The complete GeoJSON viewer application (example-07-02.html) is shown in Figure 7.5.

FIGURE 7.5: example-07-02.html (Click to view this example on its own)

  • Open example-07-02.html in the browser.
  • Try copying and pasting some of the GeoJSON examples we saw earlier (Tables 7.27.6) to test our custom GeoJSON viewer!

7.7 Ajax and the fetch API

7.7.1 What is Ajax?

In the early days of the internet, up to mid-1990s, most websites were based on complete or static HTML pages served with a static web server (Section 5.4.2). Consequently, each user action required that a complete new page was loaded from the server. In many cases, this process is very inefficient and makes a bad user experience, as the entire page contents disappear and then the new page appears, even if just part of the page needs to be updated.

Nowadays, many modern websites use a set of techniques called Asynchronous JavaScript and XML (Ajax) to partially update the contents of web pages. With Ajax, the web page can send data to, and retrieve data from, a server without interfering with the current state of the page or requiring page reload (Figure 7.6). That way, Ajax allows for web pages to change content dynamically without the need to reload the entire page. This makes the websites feel more responsive.

Schematic illustration of the difference between the traditional and Ajax request models\index{Asynchronous JavaScript and XML (Ajax)}

FIGURE 7.6: Schematic illustration of the difference between the traditional and Ajax request models

Ajax uses an asynchronous processing model. This means the user can do other things while the web browser is waiting for the data to load, speeding up the user experience. The term asynchronous refers to the fact that loading data via Ajax does not stop the rest of the content from being loaded. Instead, the Ajax request is being sent to the server and in the interval before the server responds the rest of the page continues to load (Figure 7.7). When the response arrives, the content is processed.
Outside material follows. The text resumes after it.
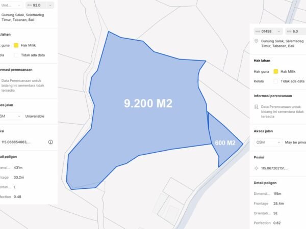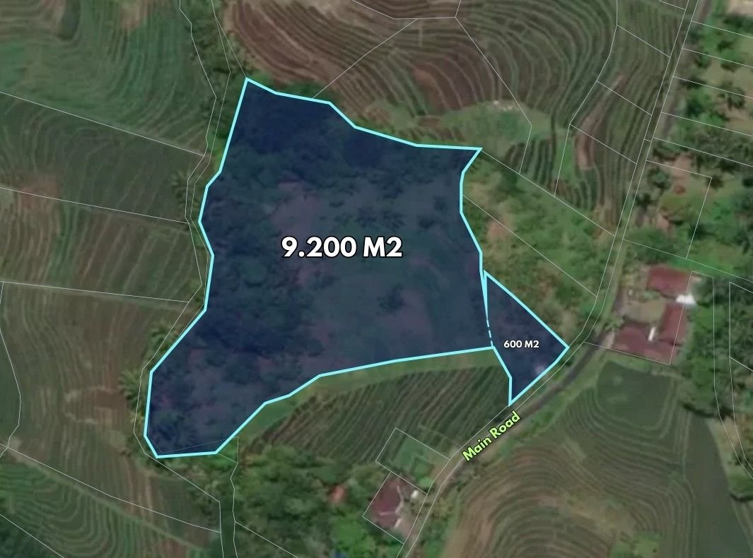 This land is strategically located in Gunung Salak Village, East Selemadeg, Tabanan, directly in front of the Village Head (Perbekel) Office, offering excellent accessibility and strong future potential. This area is easily reached via an asphalt road and is approximately 30 minutes from Tabanan City, making it suitable for tourism-oriented and residential development. Spanning a generous 9,800 m² (98 are) with a 27-meter frontage and a pocket-shaped (ngantong) layout, the land features a beautiful rice field view and a peaceful rural atmosphere. Zoned Yellow (Residential) under ITR and holding a Freehold Certificate (SHM), the land is legally secure and flexible for development. Its size and setting make it ideal for a glamping project, eco-tourism destination, villa complex, or residential development.

This is in contrast to the regular synchronous behavior of scripts, where the browser typically stops processing the page while executing each of the expressions in the <script>.

How Ajax works\index{Asynchronous JavaScript and XML (Ajax)}

FIGURE 7.7: How Ajax works

XML or JSON are commonly used as the data exchange formats for communication between the server and the client using Ajax. In practice, most modern implementations use JSON, rather than XML, due to its advantages of being native to JavaScript. As we have seen in Section 3.11, JSON can be directly parsed to JavaScript objects, which makes processing of the data very convenient.

7.7.2 Ajax examples

You probably have seen Ajax used on many popular websites, even if you were not aware that it was being used. For example, the autocomplete feature in search boxes commonly uses Ajax. You have probably seen it used on the Google home page. When you type into the search box on the Google, sometimes you will see results coming up before you have finished typing (Figure 7.8). What happens is that the currently entered text is sent to the server, using Ajax. The server then returns the relevant auto-complete suggestions. The suggestions are shown as a dropdown menu right below the search box.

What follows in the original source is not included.